The hard part comes for Part #2. Part #2 shall contain 5 functions

  1. find
  2. getValue
  3. setValue
  4. subscribe
  5. unsubscribe

Let’s start with the find function. The find function allows you to call your custom input inside all other (2–5) functions by the el variable. This is pretty nice to work with, as you don’t have to find the element again and again and again. In our case we defined that each custom input shall have the HTML class doublecolorpicker . To find the element, we just use:

find: function(scope) {
return $(scope).find(".doublecolorpicker");
}

where scope is the website you are working on and find is a function that comes with jQuery and the . operator of CSS calls for classes. Do not mess up the two different find functions. One is defined inside your JavaScript file, the other one comes from jQuery. Now you’ve got it. You found your custom input element again and can work inside it.

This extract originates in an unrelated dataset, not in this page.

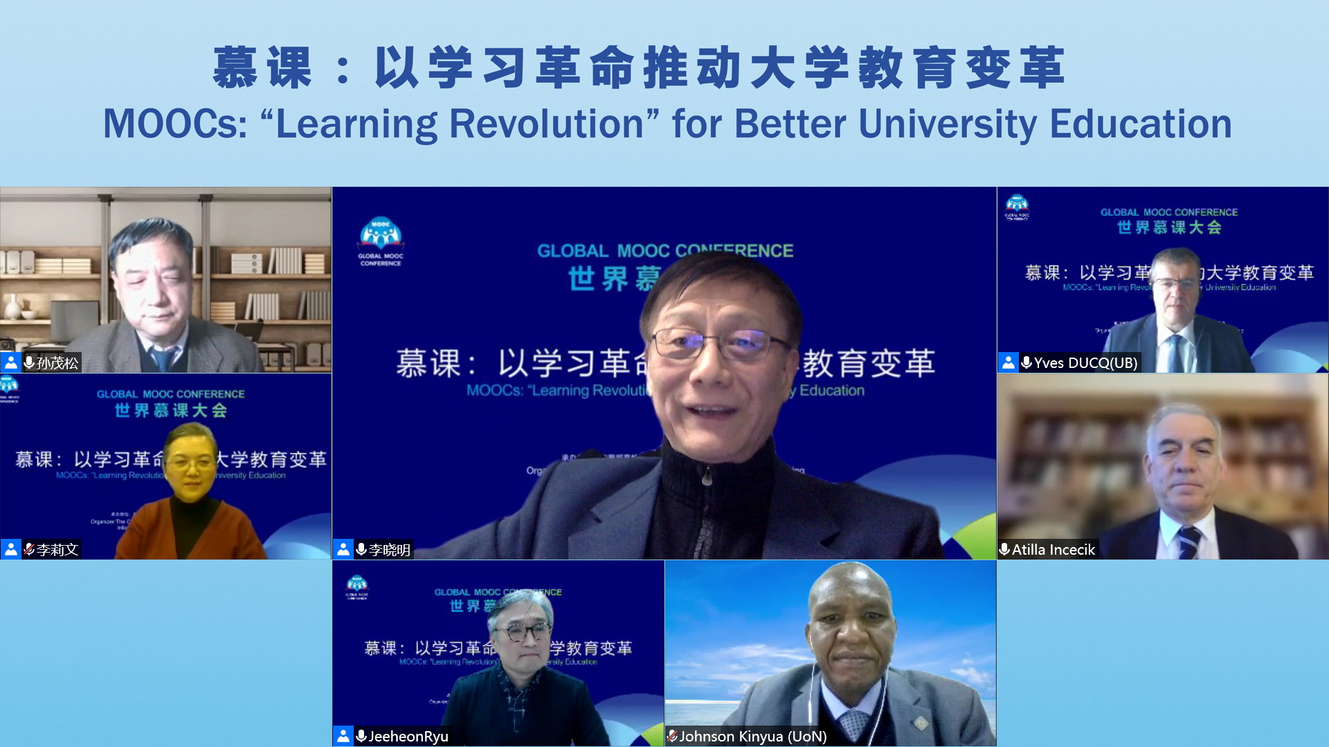 圆桌论坛环节由北京大学李晓明教授主持。清华大学教授孙茂松、北京外国语大学教授李莉文、法国波尔多大学教授伊夫·杜琦(Yves Ducq)、英国思特克莱德大学教授阿提拉·因赛斯克(Atilla Incecik)、韩国春南国立大学教授瑞吉恩(Jeeheon Ryu)以及肯尼亚内罗毕大学教授约翰逊·艾瑞·金约阿(Johnson Ireri Kinyua)围绕“应对疫情和后疫情新常态下的在线教育合作”进行了交流讨论。

The whole JavaScript file you need to add to your app now looks like this, in future we call it DoubleColorPickerInput.js:

Takeaway #5: Use the jQuery.find() function to get your element into the Shiny.InputBinding.

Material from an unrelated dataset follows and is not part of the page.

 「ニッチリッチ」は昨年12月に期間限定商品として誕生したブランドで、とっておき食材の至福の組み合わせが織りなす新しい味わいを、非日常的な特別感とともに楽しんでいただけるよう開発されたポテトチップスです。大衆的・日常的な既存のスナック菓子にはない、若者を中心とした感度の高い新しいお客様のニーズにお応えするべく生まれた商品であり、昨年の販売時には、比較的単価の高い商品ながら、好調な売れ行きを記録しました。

4 Know what your getValue function looks like

Here comes the hard part. We now want to access the value of our custom input and hand it over to R. Therefore we need to work on the getValue function inside the JavaScript file. This function basically returns the values of your custom input element into your shiny input variable.

The example I constructed makes it a bit harder than what you would expect. In this case we do not want to include just the value of one input element, but two. Therefore the best way to handle two values between JavaScript and R is the json-Format. It allows you to send dictionaries as well as arrays. Here we would like to get an array with dictionaries that tells us something like this: border_color=red, fill_color=blue. In JSON this would look like this

[
{name:'border',
color:'red'},
{name:'fill',
color:'blue'}
]

It means you get an array of two objects that both have the attributes name and the attributes color. We can do this now inside our getValue function by using some basic jQuery Tools.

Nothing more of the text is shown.